978-1-4244-7493-6/10/$26.00 ©2010 IEEE ICME 2010
STATISTICAL ANALYSIS AND MODELING OF HIGH DEFINITION VIDEO TRACES
Abdel Karim Al Tamimi, Raj Jain and Chakchai So-In
Dept. of Computer Science and Engineering, Washington University in St. Louis, USA
Email: {aa7, jain, cs5}@cse.wustl.edu
ABSTRACT
High definition video streams are gaining larger shares of
the Internet usage for typical users on daily basis. This is an
expected result of the current boom in the online standard
and high definition (HD) video streaming services such as
YouTube and Hulu. Because of these video streams’ unique
statistical characteristics and their high bandwidth
requirements, they are considered to be a continuous
challenge in both network scheduling and resource
allocation fields. In this paper we provide a statistical
analysis of over 50 high definition video traces that
resembles wide varieties of high definition video traffic
workloads. We performed both factor and cluster analysis
on our collection of video traces to support a better
understanding of video stream workload characteristics and
their impact on network traffic. Additionally, we compare
and evaluate different modeling approaches for high
definition videos traces.
Keywords—Workload Characterization, Factor
Analysis, Video Clustering, Multimedia Communications,
Communication Networks.
1. INTRODUCTION
Web based video streaming websites open the doors to
promising opportunities to distribute digital video contents
to millions of people. Websites like YouTube [1] are now
considered to be among the most daily accessed websites for
Internet users. Such websites are now accounting for 27
percent of the Internet traffic, rising from 13 percent in one
year [3]. This surge in traffic percentage can be explained by
considering the latest surveys, as they show that the
percentage of U.S. Internet users watching streaming videos
have increased from 81% to 84.4%, and the average time
spent per month increased from 8.3 to 10.8 hours/month in
just three months [4,5]. Additionally, several websites have
started to offer access to TV shows and selected movies, e.g.
Hulu[2] and Netflix[6], which increased the reliance of the
daily Internet users on such websites, and augmented their
expectations of the level of services and quality of delivery.
All these reasons inspire network researchers to put more
emphasis on handling such demanding traffic.

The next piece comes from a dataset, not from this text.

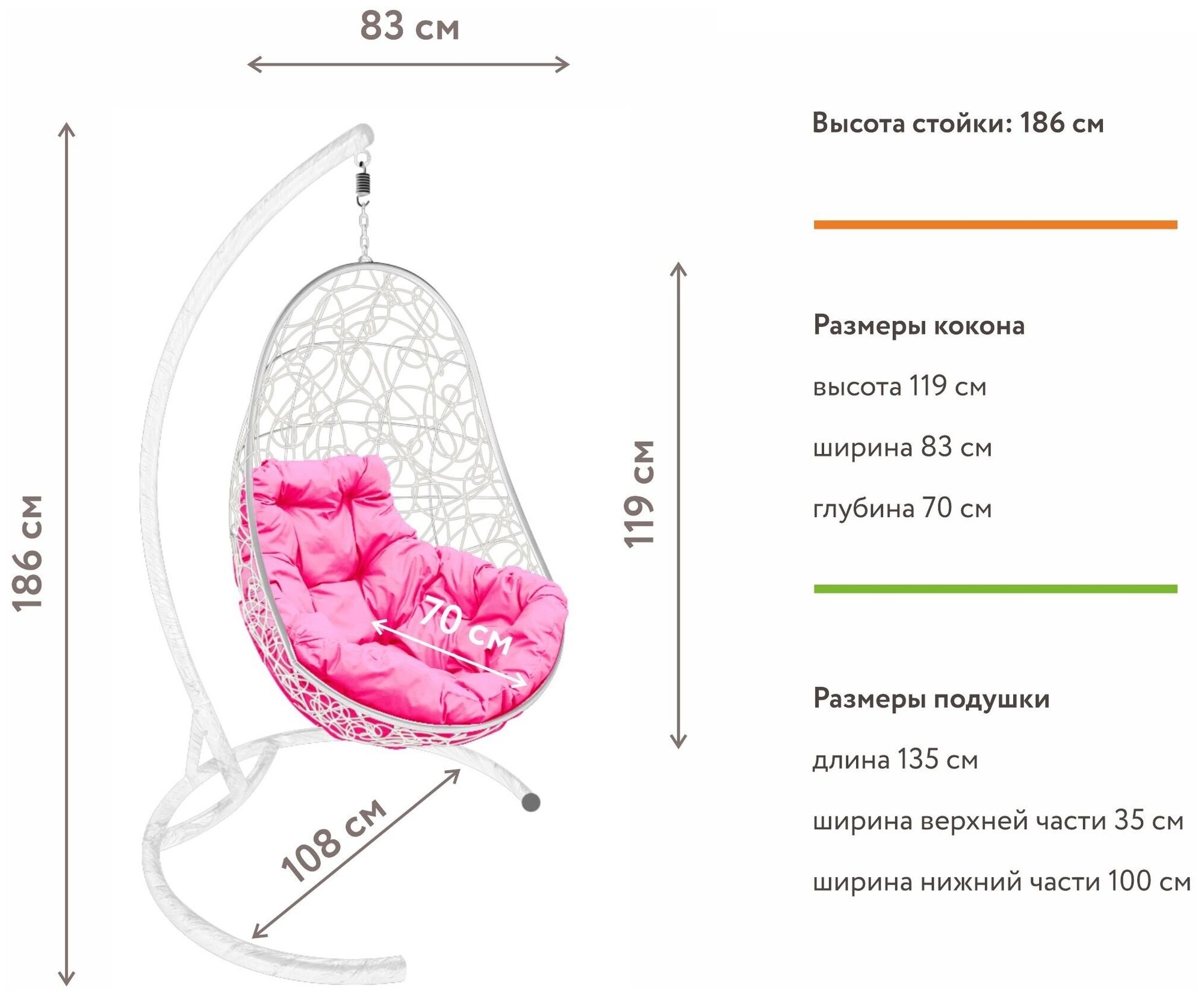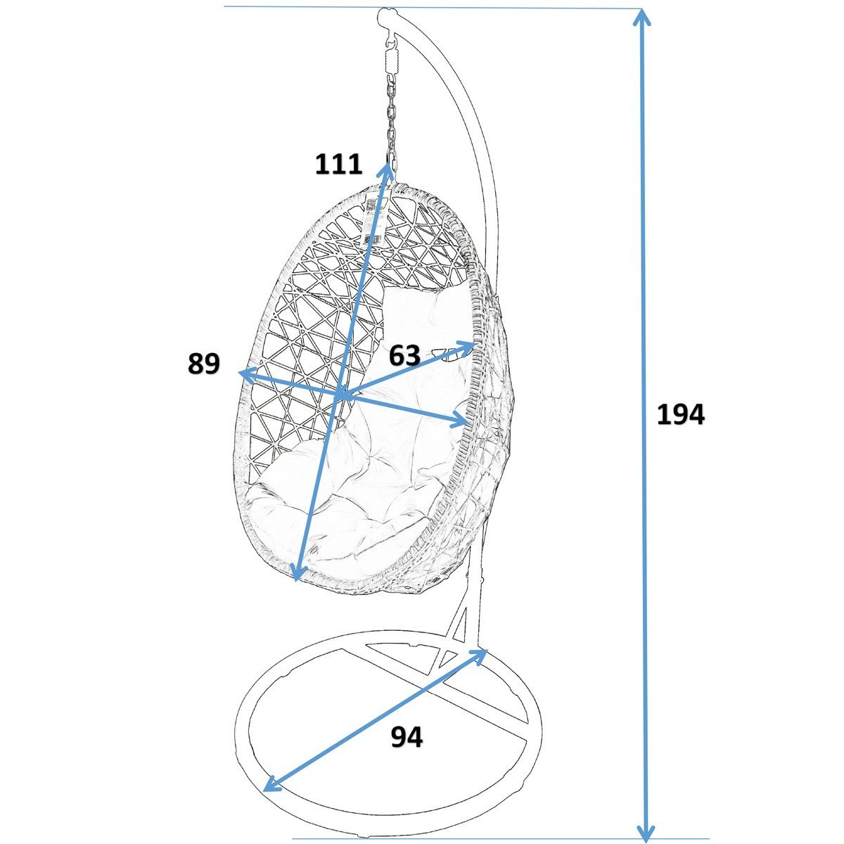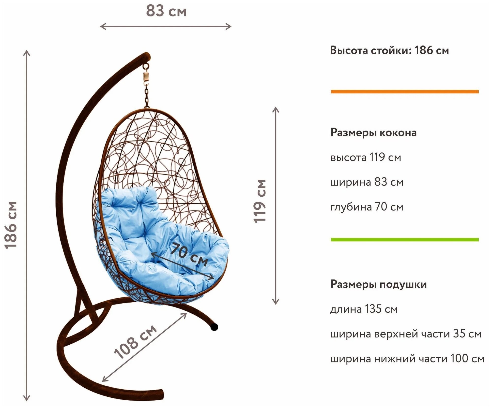 Габариты подвесного кресла кокона

Resource allocation and bandwidth control are dependent on
their ability to predict and manage the demand of video
streams. Therefore, the need of analyzing such challenging
traffic, and possibly modeling it, is essential to allow better
quality of service (QoS) support.
Modeling video streams is a challenging task because of the
high variability of the video frame sizes. Such variability has
been emphasized with the introduction of high definition
codec MPEG4-Part10, also known as advanced video codec
(AVC) and H.264. AVC codec provides better performance
and compression rate (i.e. lower mean values) than their
predecessors. Yet at the same time, they result in higher
variability rates in frame sizes[7].
There have been several previous contributions that aimed to
achieve a better understanding of the relationship between
the behavior of the video traces and their impact on resource
allocation. In [8], the authors presented a statistical and
factor analysis study of 20 MPEG1 encoded video traces
and the impact of such traffic on ATM networks. Similar
approaches were presented in [9] with emphasis on video
trace frame size distribution. The author in [10] performed a
statistical analysis on four MPEG4-AVC encoded video
traces with attention to the quantization effects on several
statistical quantitative measurements and the correlation
between video frames. In [11], the authors fitted one
MPEG4-AVC encoded movie encoded with different
quantization levels using Gamma density distribution
function. In [7], the emphasis of the authors was to show the
capabilities of the AVC standard versus its predecessor, viz.,
MPEG4-Part2.
In this paper, we present our work of analyzing and
modeling over 50 HD video traces that we have selected
from YouTube HD section. We aim through this
contribution to investigate the main statistical characteristics
that define a HD video trace. Such identifying process is
important for two main reasons: it helps in clustering video
traces depending on a certain statistical criterion to help
choose the correct traffic workload, and for other data
mining tasks. Additionally, it helps define the main
statistical attributes of video traces that should be considered
to achieve a valid statistical model. In our analysis, we also
investigate the applicability of several video models in our
pursuit for a general and a simple model that does not
require significant statistical knowledge.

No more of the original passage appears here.